INFORMATION SUPPLIED:
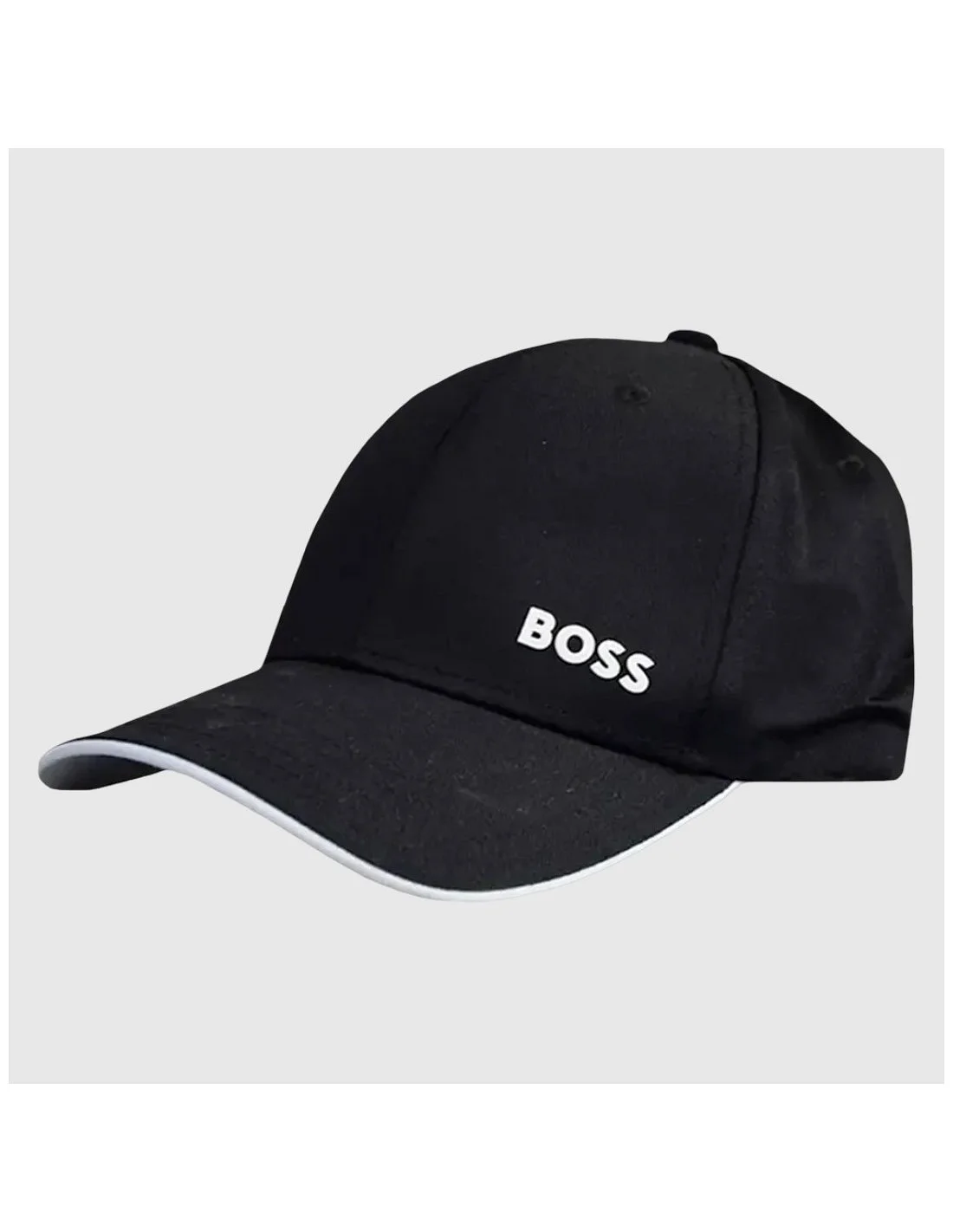 Gorra BOSS con diseño clásico de seis paneles y visera curva. Presenta el logo de la marca en la parte frontal y un ribete contrastante en la visera. Cuenta con una correa ajustable con hebilla metálica en la parte trasera para un ajuste personalizado. Ideal para un look casual y moderno.
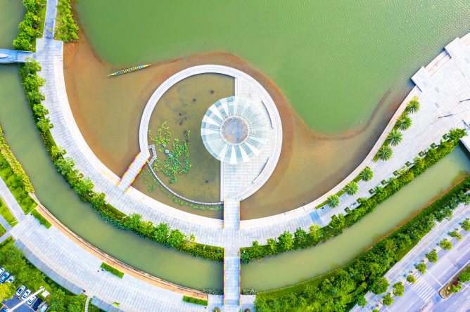 位于三山的西龙湿地公园,利用场地原有的沙滩地形及现有的棕榈科乔木,打造出亲水、亲鸟、不扰鸟的游憩、观鸟赏景节点——白鹭草滩。傍晚时分,金色落霞映照湖面,白鹭迎秋风翩翩起舞,宛若人间仙境。鹭影蹁跹,绚烂阳光遍染楼宇与苍翠之间。站立于落霞台上,便可将落日与江景尽收眼中,而这样不可多得的美景,就在三山!
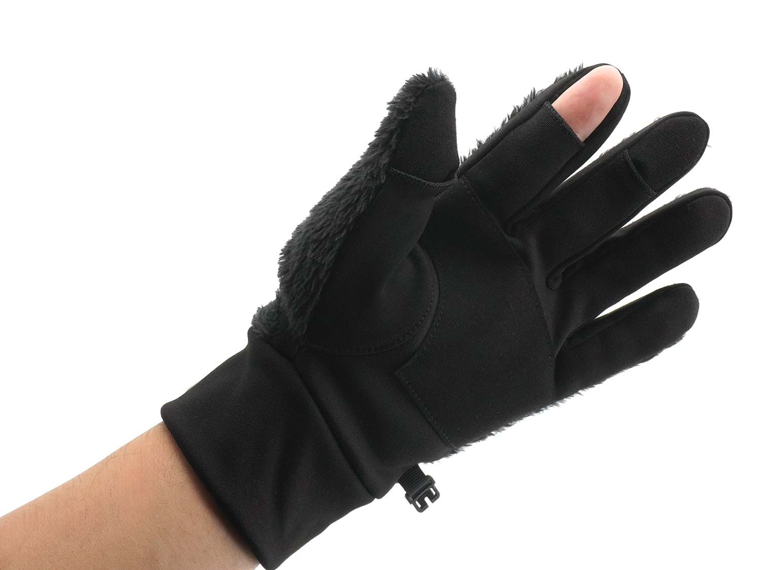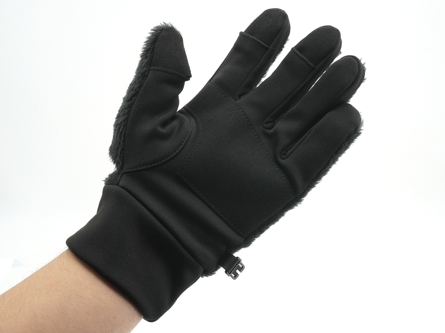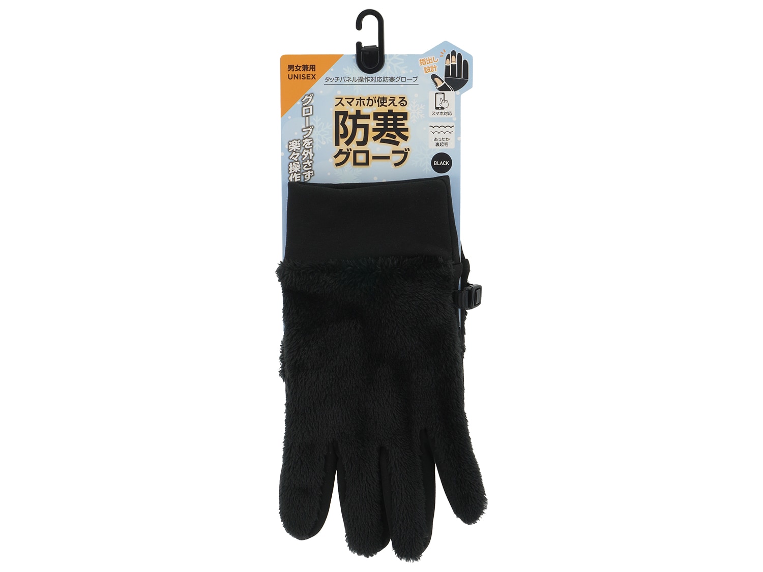 指出し設計(親指、人差し指、中指)で、手袋を外さなくてもスマホ・タブレット操作可能です。裏地起毛でつけ心地が良く、柔らかな肌触りでフィット感抜群です。紛失防止のパーツ付きです。

WHAT THE TASK ASKS: Copy out the whole listing exactly, and don't carry over any pictures.

ANSWER TO THE PROBLEM:
 Gorra BOSS con diseño clásico de seis paneles y visera curva. Presenta el logo de la marca en la parte frontal y un ribete contrastante en la visera. Cuenta con una correa ajustable con hebilla metálica en la parte trasera para un ajuste personalizado. Ideal para un look casual y moderno.
 位于三山的西龙湿地公园,利用场地原有的沙滩地形及现有的棕榈科乔木,打造出亲水、亲鸟、不扰鸟的游憩、观鸟赏景节点——白鹭草滩。傍晚时分,金色落霞映照湖面,白鹭迎秋风翩翩起舞,宛若人间仙境。鹭影蹁跹,绚烂阳光遍染楼宇与苍翠之间。站立于落霞台上,便可将落日与江景尽收眼中,而这样不可多得的美景,就在三山!
 指出し設計(親指、人差し指、中指)で、手袋を外さなくてもスマホ・タブレット操作可能です。裏地起毛でつけ心地が良く、柔らかな肌触りでフィット感抜群です。紛失防止のパーツ付きです。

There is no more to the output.